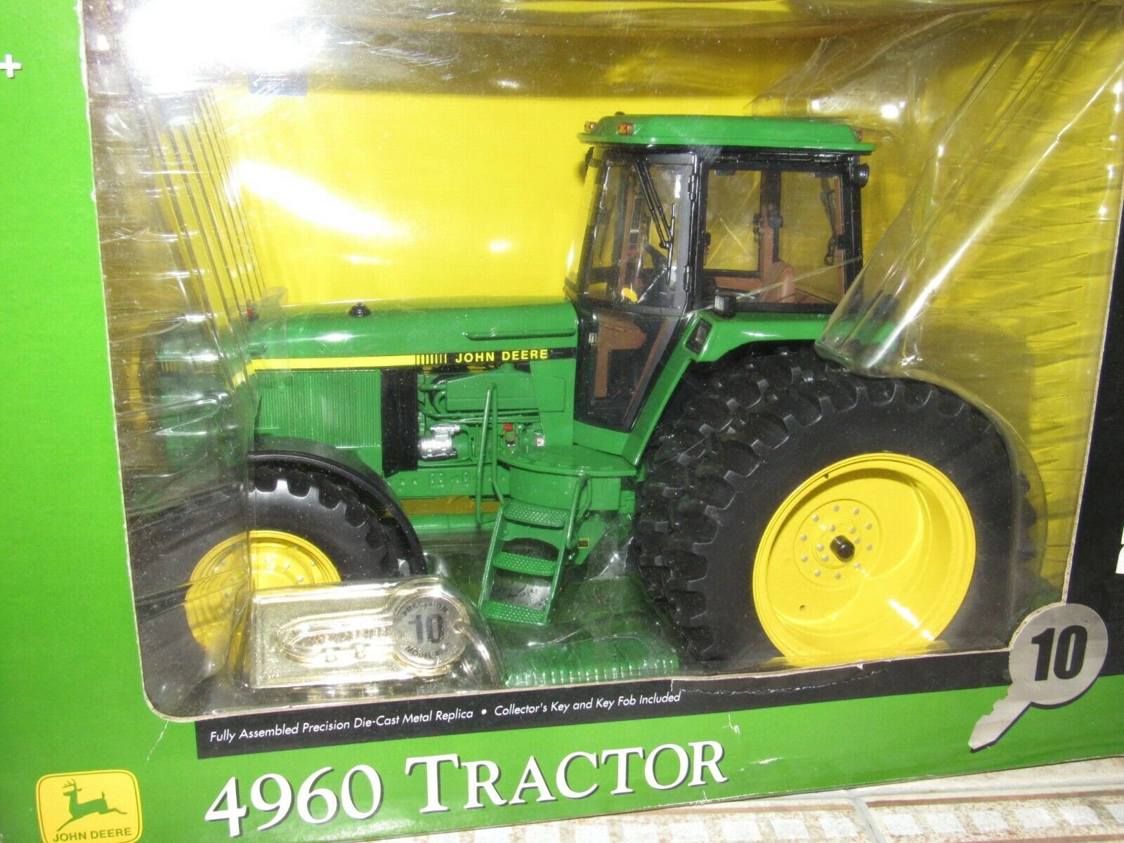 ERTL PRECISION KEY #10 JOHN DEERE 4960 TRACTOR - NIB - NEVER DISPLAYED !! HIGHLY COLLECTIBLE 1/16 SCALE, DIE-CAST ERTL PRECISION KEY #10 JOHN DEERE 4960 TRACTOR. FULLY ASSEMBLED PRECISION DIE-CAST METAL REPLICA. OPENING CAB DOORS AND CAB WINDOWS * MECHANICAL FRONT WHEEL DRIVE AXLE * SEPARATE FRONT WEIGHTS * DIE-CAST DUAL REAR WHEELS * 2-POINT HITCH THAT RAISES AND LOWERS COLLECTOR'S KEY AND KEY FOB INCLUDED. NEW IN THE BOX - GUARANTEED NEVER DISPLAYED - ALL FACTORY TIE DOWNS PRESENT. BOX IN VERY GOOD/EXCELLENT CONDITION WITH MINOR SHELF WEAR. BUY WITH CONFIDENCE - CHECK MY FEEDBACK! ONE YOU'LL BE PROUD TO OWN!!! 14 DAY MONEY BACK GUARANTEE. SHIPPED USPS PRIORITY MAIL, INSURED. NOTE: I SHIP IN 3 BUSINESS DAYS.
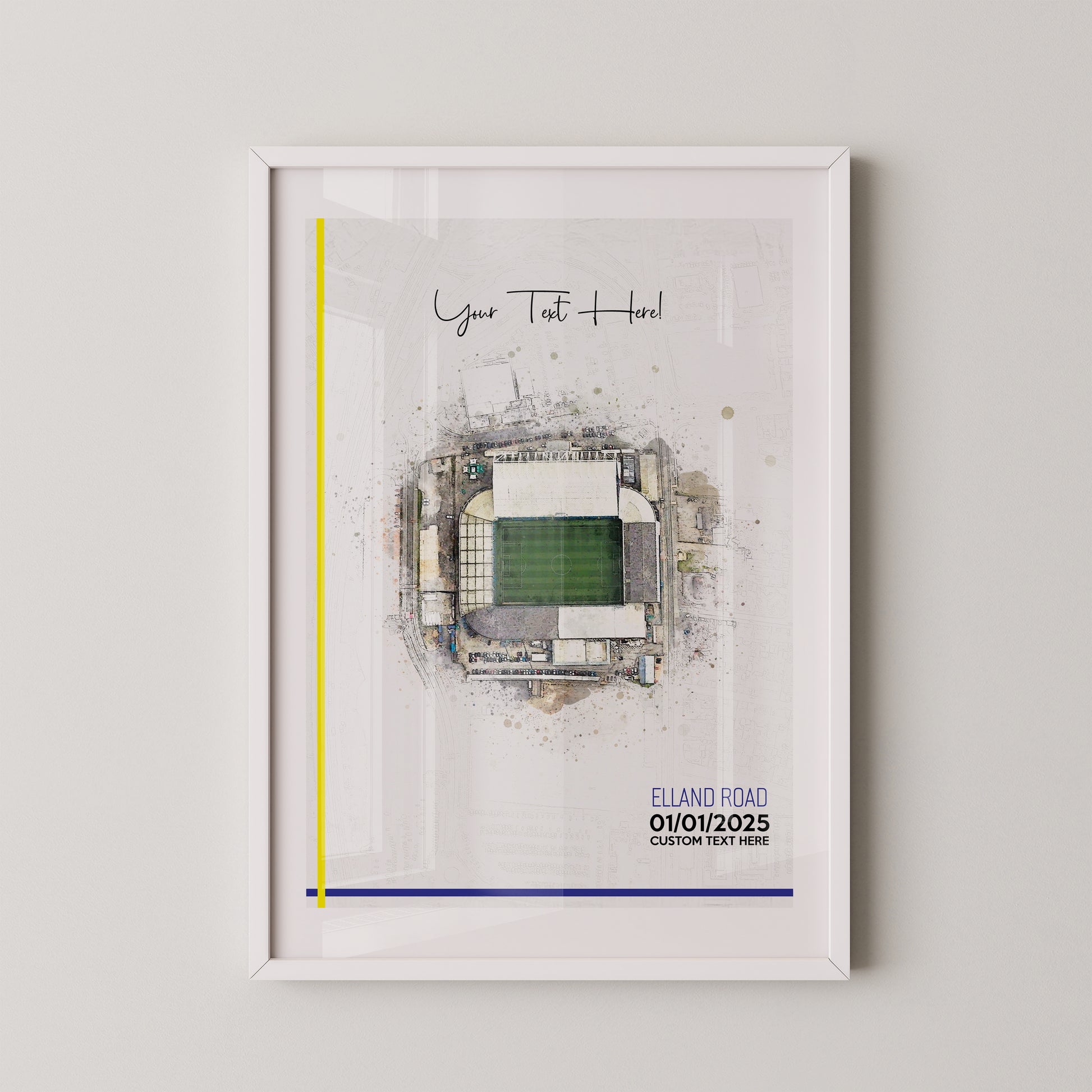 Leeds United, 'Elland Road' Football Stadium Poster Artwork, Personalised Watercolour Art Print, Custom Aerial Layout - Framing options available ANY STADIUM Worldwide.
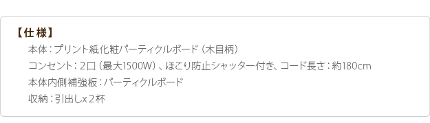 ●コンセント:2口(フタ付き)合計1500W
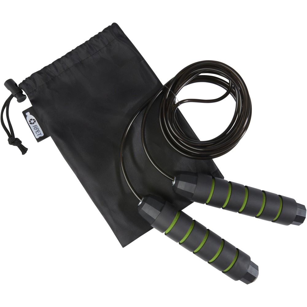 Professzionális ugrálókötél felnőtteknek, ergonomikusan kialakított puha habszivacs fogantyúkkal, mely szilárd és kényelmes fogást biztosít edzés közben. A kötél hossza 310 cm, ami könnyű ugrást tesz lehetővé felnőttek számára 195 cm hosszúságig. A kötél hossza állítható, és beépített, kiváló minőségű, 360 fokban forgatható, nagy sebességű golyóscsapággyal rendelkezik, amely biztosítja a zökkenőmentes, könnyed forgást és elkerüli a gubancolódást. Újrahasznosított PET műanyagból készült tároló tasakkal (21 x 14 cm) szállítjuk, amely remek helyet biztosít a logó nyomtatásához.
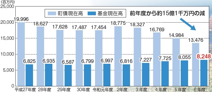 令和6年度末の一般会計、特別会計、企業会計を合わせた町債(借金)の現在高は134億7,669万5千円で前年度より15億768万4千円の減少、基金(貯金)の現在高は82億4,848万1千円で前年度より1億9,327万1千円の増加となりました。
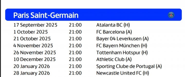 巴黎欧冠赛程:10月2日客战巴萨 第4轮&第5轮连战拜仁、热刺
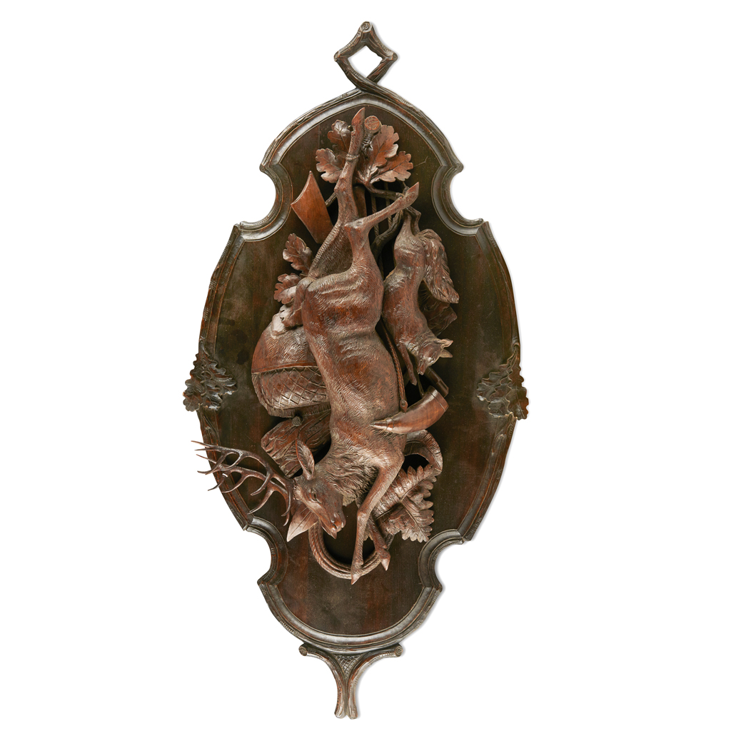 PAIR OF BLACK FOREST CARVED TROPHY PANELS
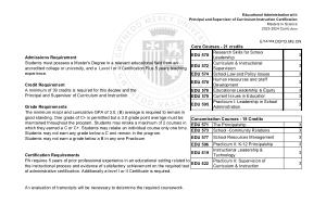 Credit Requirement A minimum of 39 credits is required for this degree and the Principal and Supervisor of Curriculum and Instruction
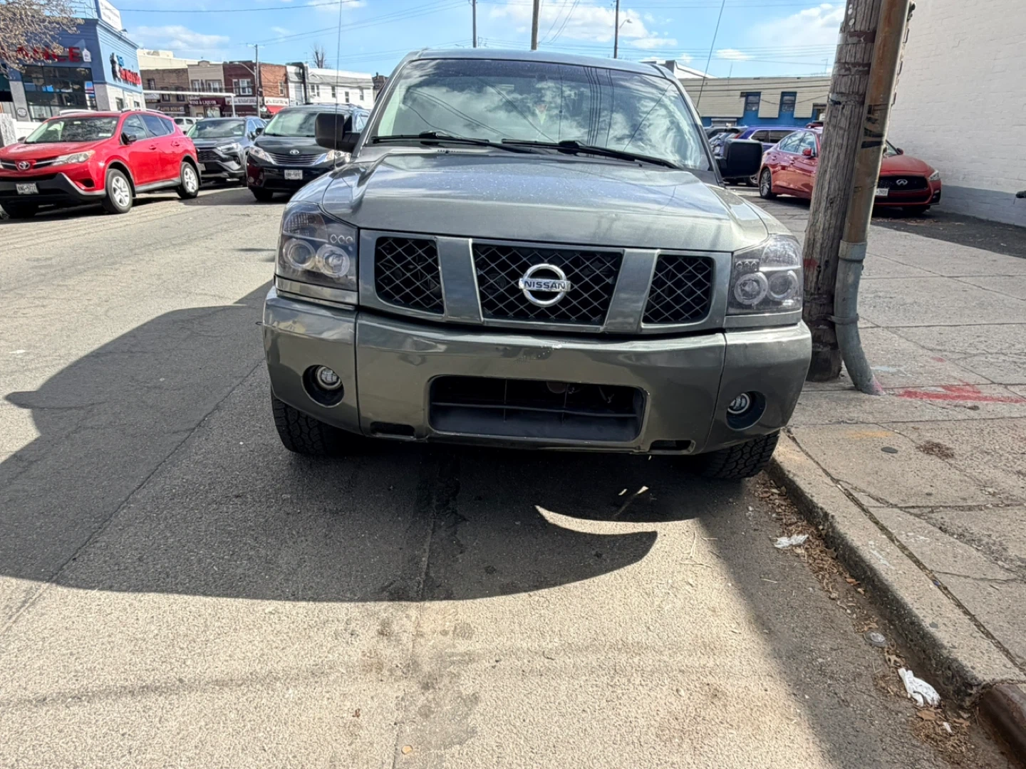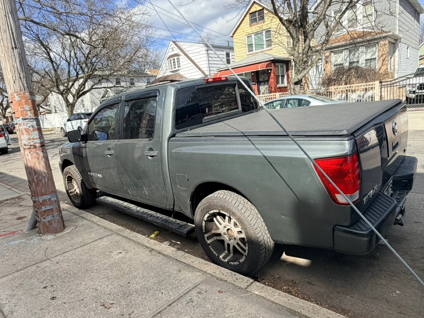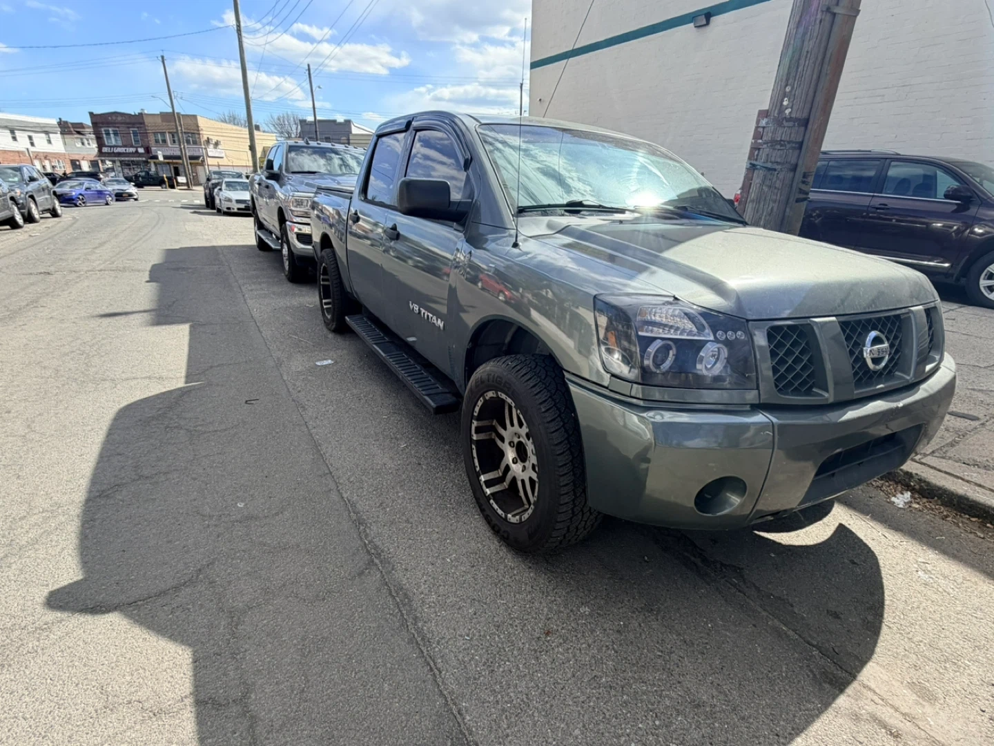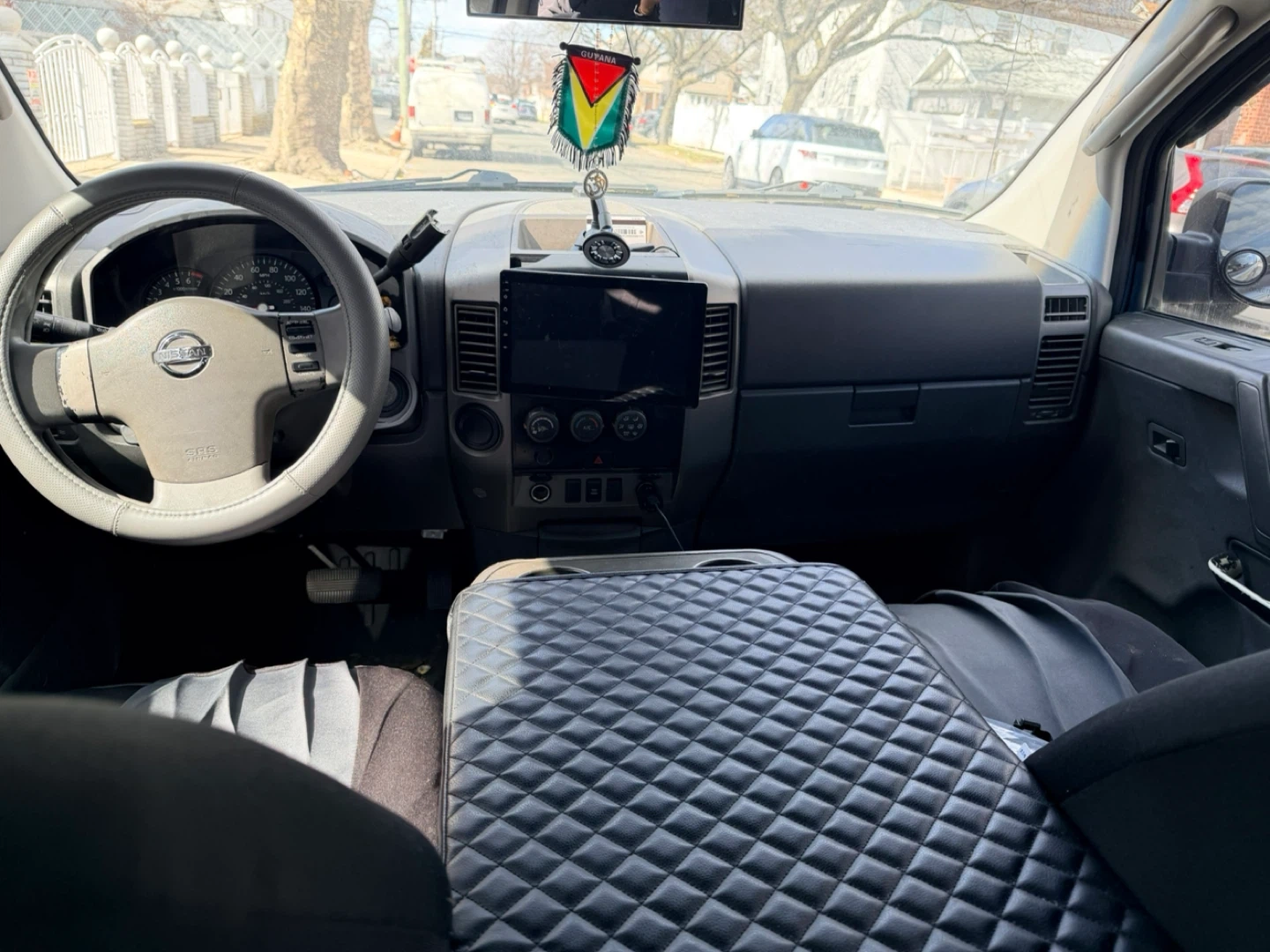 This is a 2007 Nissan Titan V8 Crew Cab pickup truck. It's a four-door model with a covered bed. The interior includes a modern touchscreen display. 140k. Very good truck just need to down size.
* * * * * * * * *
Required action:
All of the entries above should be copied exactly, except for the pictures.

Response area:
 ERTL PRECISION KEY #10 JOHN DEERE 4960 TRACTOR - NIB - NEVER DISPLAYED !! HIGHLY COLLECTIBLE 1/16 SCALE, DIE-CAST ERTL PRECISION KEY #10 JOHN DEERE 4960 TRACTOR. FULLY ASSEMBLED PRECISION DIE-CAST METAL REPLICA. OPENING CAB DOORS AND CAB WINDOWS * MECHANICAL FRONT WHEEL DRIVE AXLE * SEPARATE FRONT WEIGHTS * DIE-CAST DUAL REAR WHEELS * 2-POINT HITCH THAT RAISES AND LOWERS COLLECTOR'S KEY AND KEY FOB INCLUDED. NEW IN THE BOX - GUARANTEED NEVER DISPLAYED - ALL FACTORY TIE DOWNS PRESENT. BOX IN VERY GOOD/EXCELLENT CONDITION WITH MINOR SHELF WEAR. BUY WITH CONFIDENCE - CHECK MY FEEDBACK! ONE YOU'LL BE PROUD TO OWN!!! 14 DAY MONEY BACK GUARANTEE. SHIPPED USPS PRIORITY MAIL, INSURED. NOTE: I SHIP IN 3 BUSINESS DAYS.
 Leeds United, 'Elland Road' Football Stadium Poster Artwork, Personalised Watercolour Art Print, Custom Aerial Layout - Framing options available ANY STADIUM Worldwide.
 ●コンセント:2口(フタ付き)合計1500W
 Professzionális ugrálókötél felnőtteknek, ergonomikusan kialakított puha habszivacs fogantyúkkal, mely szilárd és kényelmes fogást biztosít edzés közben. A kötél hossza 310 cm, ami könnyű ugrást tesz lehetővé felnőttek számára 195 cm hosszúságig. A kötél hossza állítható, és beépített, kiváló minőségű, 360 fokban forgatható, nagy sebességű golyóscsapággyal rendelkezik, amely biztosítja a zökkenőmentes, könnyed forgást és elkerüli a gubancolódást. Újrahasznosított PET műanyagból készült tároló tasakkal (21 x 14 cm) szállítjuk, amely remek helyet biztosít a logó nyomtatásához.
 令和6年度末の一般会計、特別会計、企業会計を合わせた町債(借金)の現在高は134億7,669万5千円で前年度より15億768万4千円の減少、基金(貯金)の現在高は82億4,848万1千円で前年度より1億9,327万1千円の増加となりました。
 巴黎欧冠赛程:10月2日客战巴萨 第4轮&第5轮连战拜仁、热刺
 PAIR OF BLACK FOREST CARVED TROPHY PANELS
 Credit Requirement A minimum of 39 credits is required for this degree and the Principal and Supervisor of Curriculum and Instruction
 This is a 2007 Nissan Titan V8 Crew Cab pickup truck. It's a four-door model with a covered bed. The interior includes a modern touchscreen display. 140k. Very good truck just need to down size.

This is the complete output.